Wesleyan Arguments in Favor of Prevenient Grace (Part IV) by Thomas Schreiner

By April 23, 2011Prevenient Grace

Dr. Thomas Schreiner

Dr. Thomas Schreiner

For all Bible-believing Christians, the most important question in matters of doctrinal dispute is this: what is the Bible’s teaching as it pertains to the issue at hand? Calvinists and Armimans likewise must turn to the Bible. The critical question is whether or not the doctrine of prevenient grace is supported by Scripture. We cannot examine this issue until we see the arguments that are put forward to defend the doctrine. Wesleyans use at least four arguments to support the idea that prevenient grace is a doctrine rooted in Scripture.

First, the Scripture text that is appealed to quite often is John 1:9.[34]  ”The true light that gives light to every man was coming into the world.” The meaning of this text is not analyzed in detail by Wesleyan scholars, but their understanding seems clear enough. The coming of Jesus Christ into the world brought enough light to all people so that they are now able to reject or accept the message of the gospel. The illumination (photizet) refers to the granting of grace that overcomes the darkness that penetrated human hearts as a result of Adam’s sin. This illumination does not guarantee salvation; it simply makes it possible for men and women to choose salvation.

Such an understanding of the verse may be confirmed in the subsequent context. Some rejected the light and ”did not receive him” (John 1:11), while others responded to the light and ”received him” (John 1:12). It should also be noted that this illumination is not restricted to a few. It is granted to ”every person” (panta anthropon). This would support the Wesleyan view that prevenient grace is given to all people.

A second argument employed by Wesleyans is that prevenient grace is granted in the atonement of Christ (e.g., Tit. 2:11; John 12:32).[35]  This argument is bound up with the universality of Christ’s atonement. His death for all necessarily implies that grace is given to some extent to all. The argument is that Christ would not die for all unless all were granted the opportunity to accept or reject him. John 12:32 can be understood as supporting this theory. Jesus says, ”But I, when I am lifted up from the earth, will draw all men to myself.” Henry Thiessen says about this verse, ”There issues a power from the cross of Christ that goes out to all men, though many continue to resist that power.”[36]  In the death of Christ grace is operative so that all people are ”drawn” (helkuo) to him. The drawing does not guarantee salvation but makes it possible,[37] supporting the idea that grace is given in the atonement that reverses the total inability of people to choose God. In addition, it should be pointed out that John 12:32 refers to ”all people” (pantas). The grace given in the atonement is not limited to some but is universally distributed, giving all people everywhere the opportunity to respond or reject it.

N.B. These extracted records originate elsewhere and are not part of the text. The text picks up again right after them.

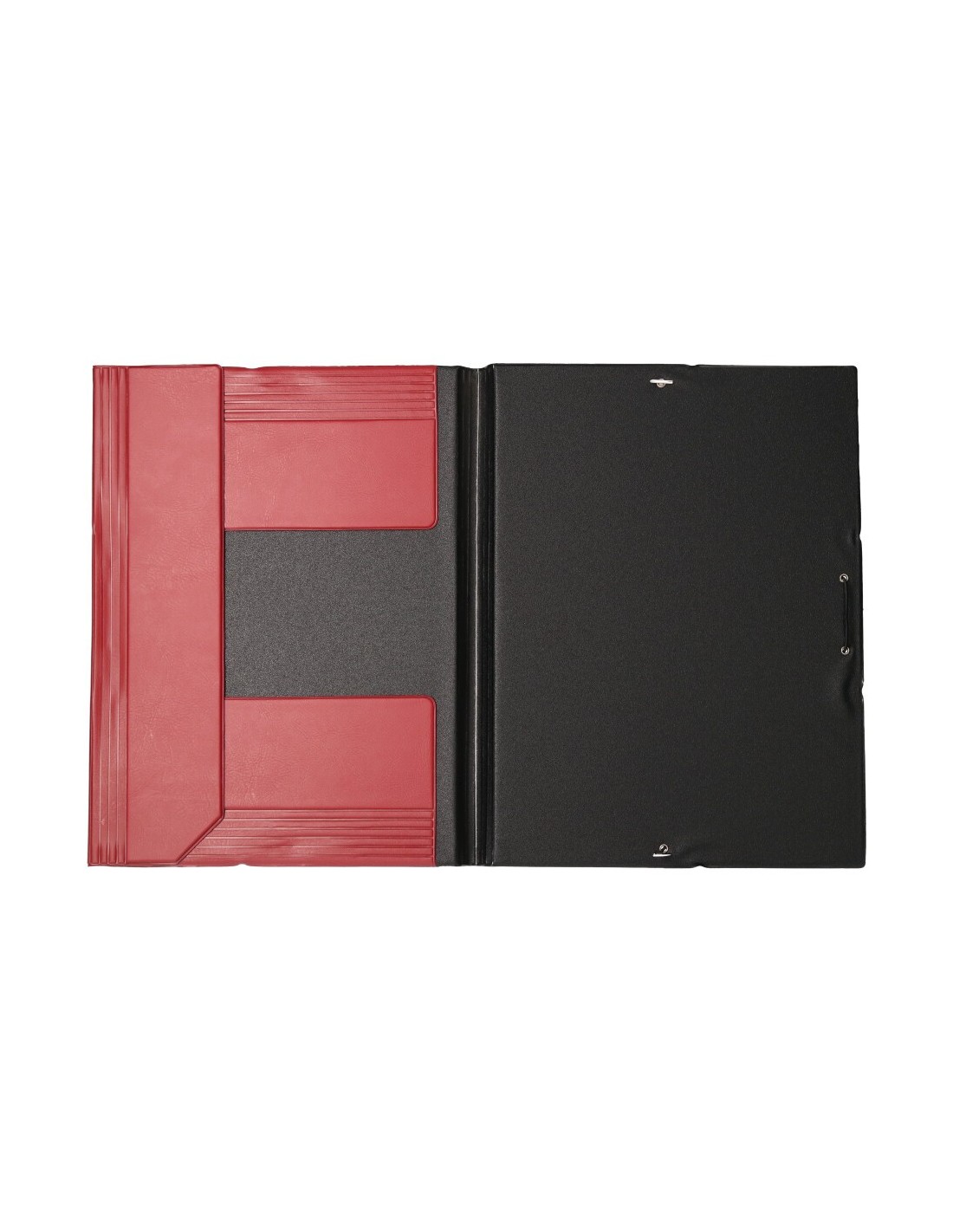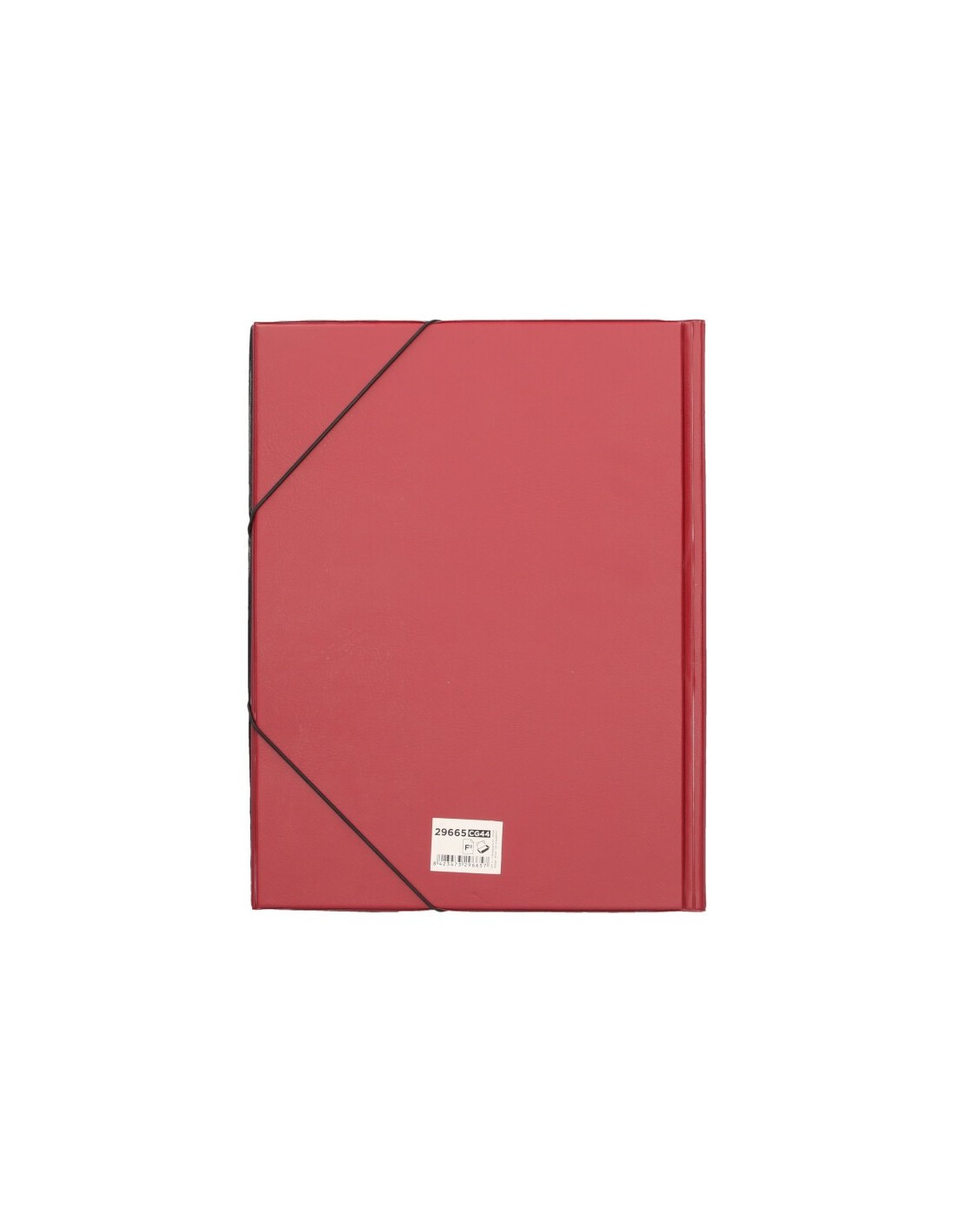 Carpeta fabricada en cartón forrado en PVC soldado unicolor. 3 mm de grosor. Cierre con gomas. Lomo flexible. Tamaño folio. Medidas: 240 x 335 mm.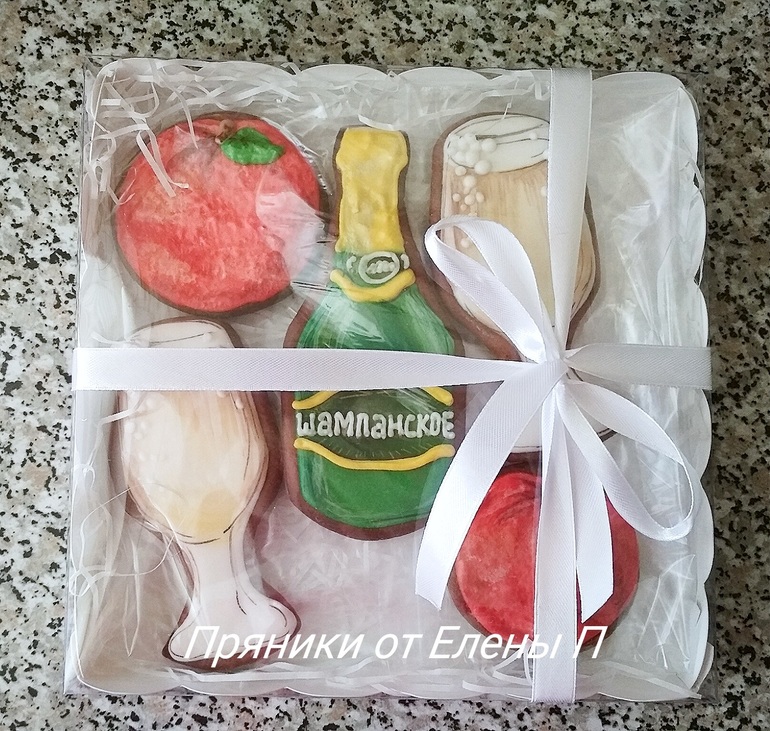 Елена добрый вечер! Нам пожалуйста ваших вкусных пряников 10штук, 5 с собаками и 5 шампанским и фруктами.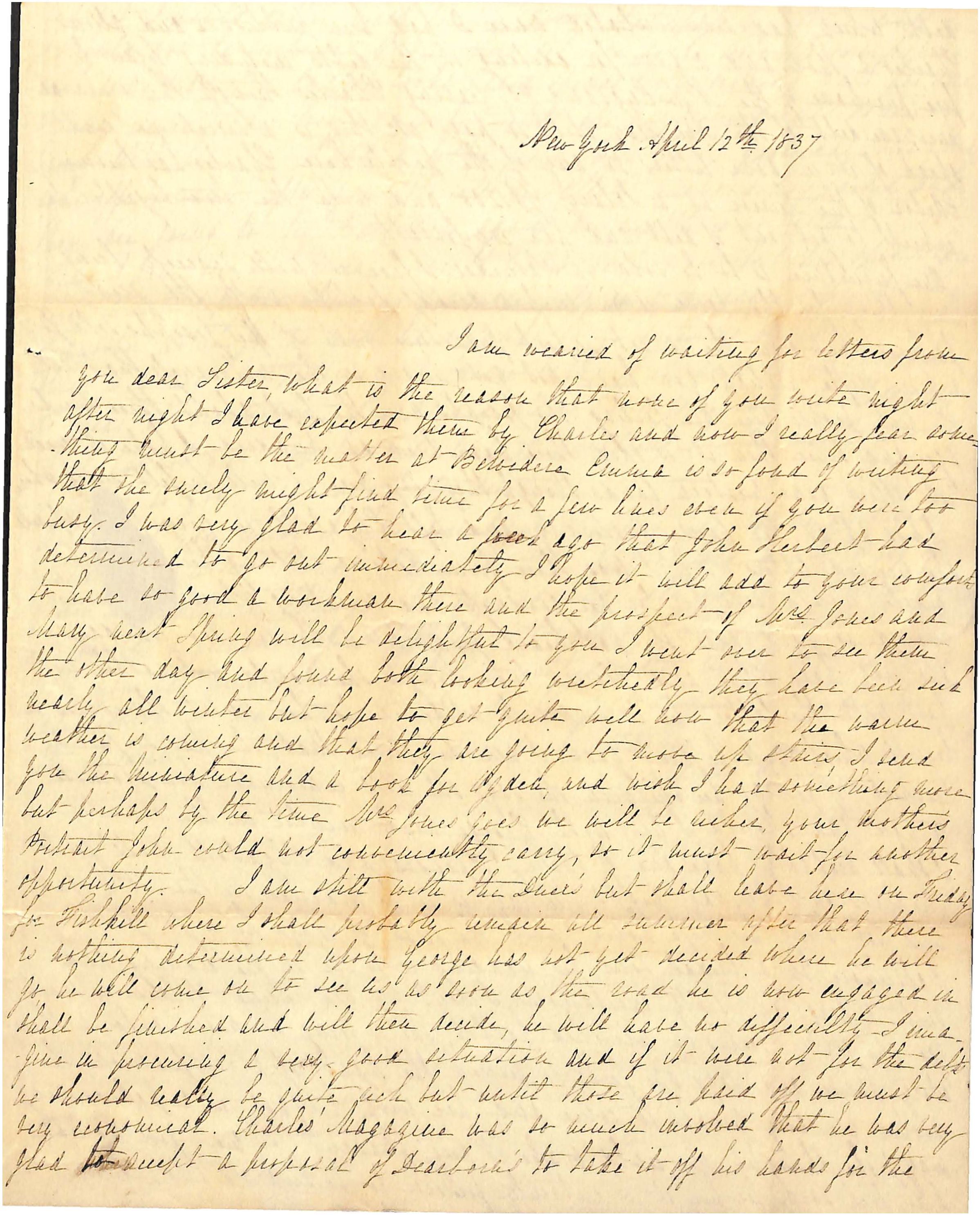 I am wearied of waiting for letters from/ you dear Sister, what is the reason that none of you write night/ after night I have expected them by Charles and now I really fear some/ thing must be the matter at Belvidere Emma is so fond of writing/ that she surely might find time for a few lines even if you were too/ busy. I was very glad to hear a few weeks ago that John Herbert had/ determined to go out immediately I hope it will add to your comfort/ to have so good a workman there and the prospect hope it will add to your comfort/ to have so good a workman there and the prospect of Mrs jones and/ Mary next Spring will be delightful to you I went over to see them/ the other day and found both looking [wretchedly] they have been sick/ nearly all winter but hope to get quite well now that the warm/ weather is coming and that they are going to move up stairs, I send/ miniature and a book for Ogden and wish I had something more/ but perhaps by the time Mrs Jones foes we will be richer, your mothers/ portrait John could not conveniently carry, so it must wait for another/ opportunity. I am still with the Duer’s but shall leave here on Friday/ for Fishkill where I shall probably remain all summer after that there/ is nothing determined upon George has not yet decided where he will come on to see us as soon as the road he is now engaged in/ shall be finished and will then decide. he will have no difficulty- I [unrecovered]/ give in procuring a very good situation and if it were not for the debt/ we should nearly be quite rich but until those are paid off we must be/ very economical. Charles magazine was so much involved that he was very/ glad to accept a proposal of Dearborn’s to take it off his hands for the/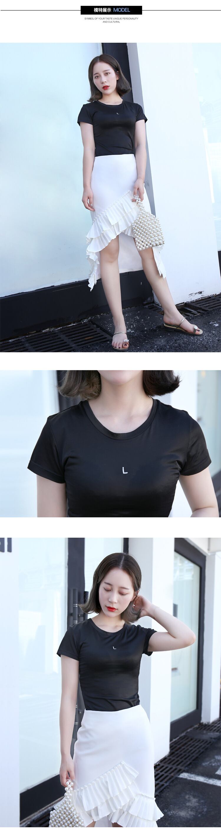 ブラウス スリムシルバー刺繍ソリッド カラーTシャツ シルク ソリッドカラー 銀 女性 レディース カワイイ系26606504328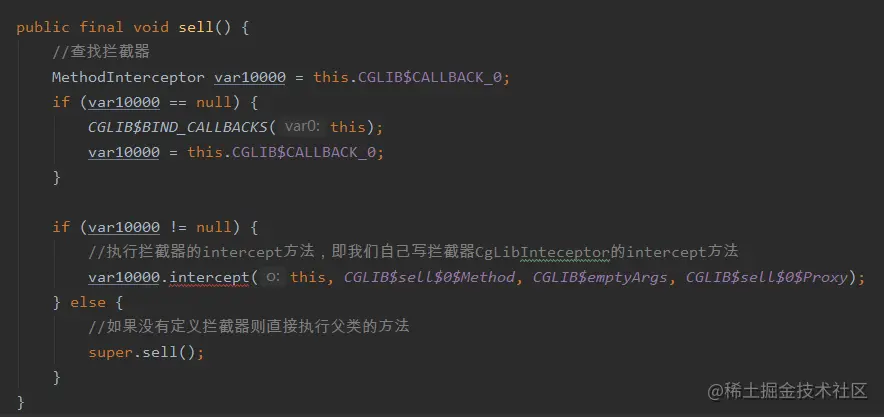 与预期一致,通过Inteceptor类成功实现了sell()方法的前后增强功能。但是前面也提到了Cglib是通过集成来实现代理的,在测试类中,我们加入了一段static静态代码块,目的是将Cglib在运行过程中生成的代理类写入硬盘。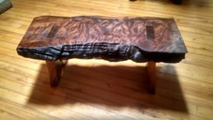 Live Edge Redwood Bench with Black Walnut legs splayed 5 degrees with through tenons. This bench has 6 coats of handrubbed varnish, wetsanding between each coat.
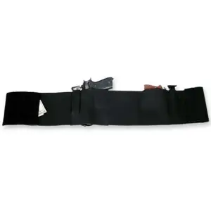 The Bulldog deluxe belly wrap holster is the ideal deep conceal carry option for law enforcement or civilians. This deluxe wrap is designed to fit snugly against your body while provided you access to up to two firearms, and 2 magazines. The belly wrap also provides you the ability to hide money in a concealed money pocket. This particular belly wrap holster features a 6" wide elastic band and uses Velcro for securing.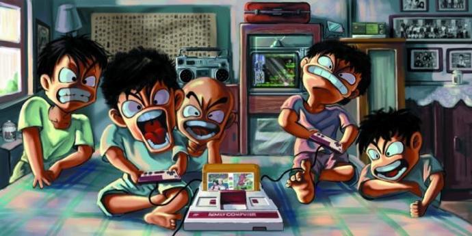 隔壁家搞来的小霸王(红白机),被一群不知哪儿冒出来的熊孩子们奉若神物般簇拥至自带天线的“黑白大彩电”荧幕前,一时间为手柄的控制权你争我夺。在僧多粥少的局面下,最终多数人仍然只能一解眼瘾。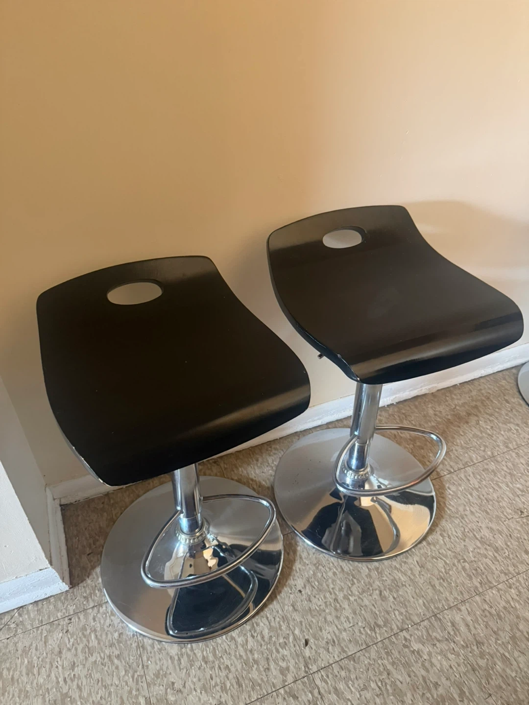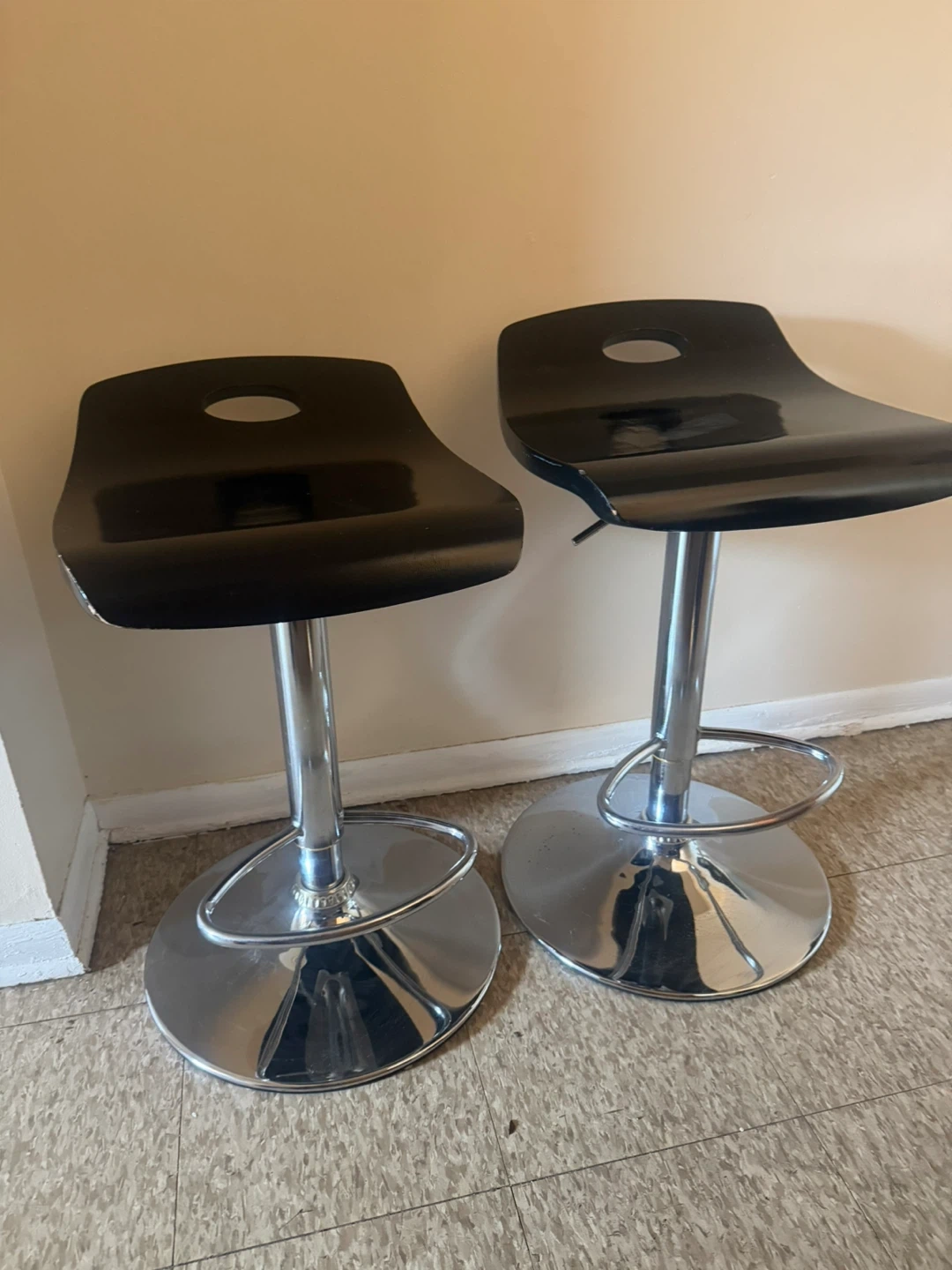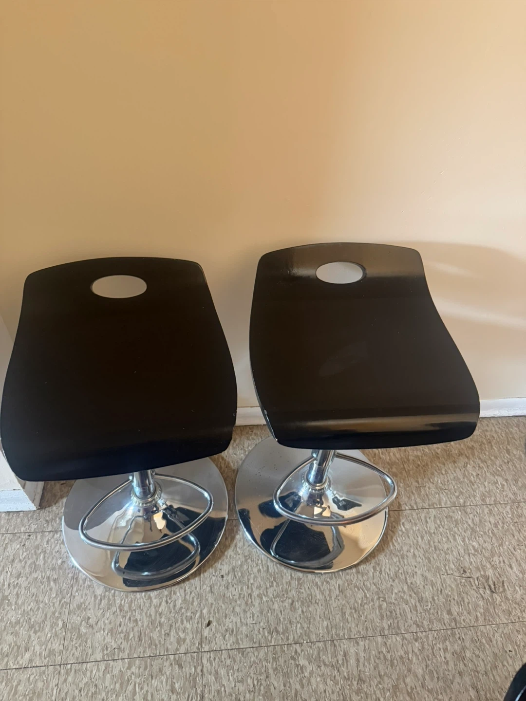 This listing is for a set of two black adjustable bar stools. They feature a sleek, modern design with chrome bases and footrests. The seats are contoured for comfort and have a hole for easy handling. The height is adjustable via a lever.

The third Wesleyan argument in favor of prevenient grace has a theological cast. God must have granted the power to choose him because otherwise the warnings, invitations, and commands in Scripture are meaningless.[38]  Why would God give commands to people if they are unable to put them into practice? There are numerous texts in Scripture in which cornmands, invitations, and warnings are employed. Perhaps Romans 2:4 is a particularly appropriate verse to cite in support.[39]  ”Or do you show contempt for the riches of his kindness, tolerance and patience, not realizing that God’s kindness leads you toward repentance?” God would not cornmand people to repent and be waiting for them to repent if he knew that they could not do so. His kindness is such that he has provided the means for every person to repent if they would only avail themselves of that means.

Fourth, prevenient grace is supported by the very nature of God.[40]  A God of mercy, wisdom, justice, and love would not leave human beings without an opportunity to repent and choose salvation. A God of love and mercy who desires all to be saved (1 Tim. 2:4) would see to it that all have the chance to partake of salvation. If God elects only a few, he is guilty of partiality.[41]